A moment of real happiness for Tome with her Tokyo “Daddy”
When the man changes his interest to Nobuko, she calls him Papa as well, so the association of Dad and sex is quite strong for both women. As Chuji is dying, he asks for Tome’s breast, and she offers it to him.
Interestingly, Tome manages to make it through the Occupation without resorting to prostitution. She works in a mill and becomes a labor organizer, only to be dumped and fired by her lover once he is promoted to management. We next see her as a maid for Midori, a woman living with a GI and their child. She gets involved in a strange religious sect that demands full confession in a group setting and there meets a woman who hires her as a maid in her inn, that quickly becomes a clandestine brothel after the government closes the official ones. She is pressured into prostitution, has a miscarriage, rats out the women who are working on the side, and then informs on her boss to the police, which allows her to set up her own string who do outcalls from her apartment. She falls in love with a businessman Karasawa, who also pressures her to sleep with men he needs favors from, but she is genuinely in love and shocked when her daughter comes to borrow money for her farm and takes away the businessman. We last see her climbing the hill to her daughter’s farm to try to persuade her to come back to Karasawa.

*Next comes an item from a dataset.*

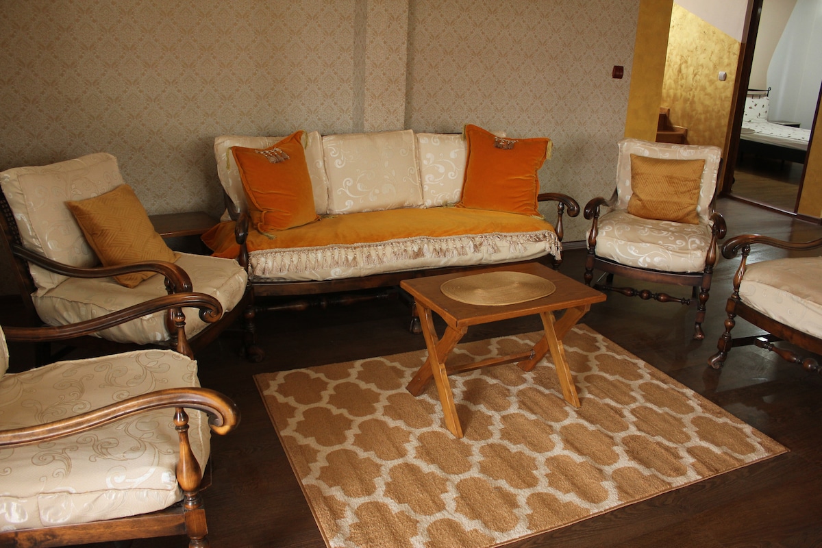 Αυτό το κομψό κατάλυμα είναι ιδανικό για χαλάρωση, προσφέροντας ένα γενναιόδωρο σαλόνι με κουζίνα στο ισόγειο και 2 δωμάτια στον επάνω όροφο με γαμήλιο κρεβάτι. Δωρεάν WiFi κλίμα ενδοδαπέδια θέρμανση Ζεστό νερό 24 ώρες το 24-ωρο τηλεόραση με μεγάλη οθόνη και Android πάρκινγκ στην αυλή. πρόσβαση σε σπα έναντι αμοιβής - πισίνα, τζακούζι και σάουνα παρέχουμε πρωινό, μεσημεριανό και δείπνο.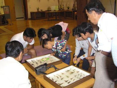 【左】まず、梅の館で鳴く虫の標本を事前に見ました。

There is a striking amount of skin for the date, with bare breasts from several actresses including Hidari but even more bare legs. We have of course seen legs in earlier Japanese movies but usually only on dancers. The shots here are surprising because there is so much physical contact with the legs, including Chuji sucking a sore high on Tome’s thigh and Karasawa feeling up and kissing both her and Nobuko’s legs, including some angles that come treacherously close to crotch shots. The women are quite direct in their appraisals of men, with Tome and Midori marveling about how “huge” the GI is, and Midori later found living with a Korean man who follows her around to her jobs but whom Midori stays with because he is so amazingly good in bed. Sex is ever-present in Imamura’s movies but it is neither celebratory nor brutal, liberating nor confining; it just is, and the ways it exerts its power are many and varied.
There is also a reminder that wealth is a relative concept. Karasawa can’t even afford a car, going to and from his shop on a scooter. Reality rears its head for him, too, when in a passionate moment with Nobuko, his false teeth pop out.
Imamura pulls out all the directorial stops, with freeze frames to mark the passage of time, key emotional scenes played in a series of stills, a wide variety of angles, quick cutting within scenes, and overexposures. None of this, however, appears to be designed to shift focus to the director. It does provide remarkable variety and help maintain interest for a film that covers about 45 years in the life of a less than admirable heroine. The movie was tops on Kinema Junpo‘s list but was also the top grossing Japanese film of the year,¹ which I must assume surprised everyone involved.
¹ Mark Schilling, No Borders, No Limits (Godalming, UK), p. 19.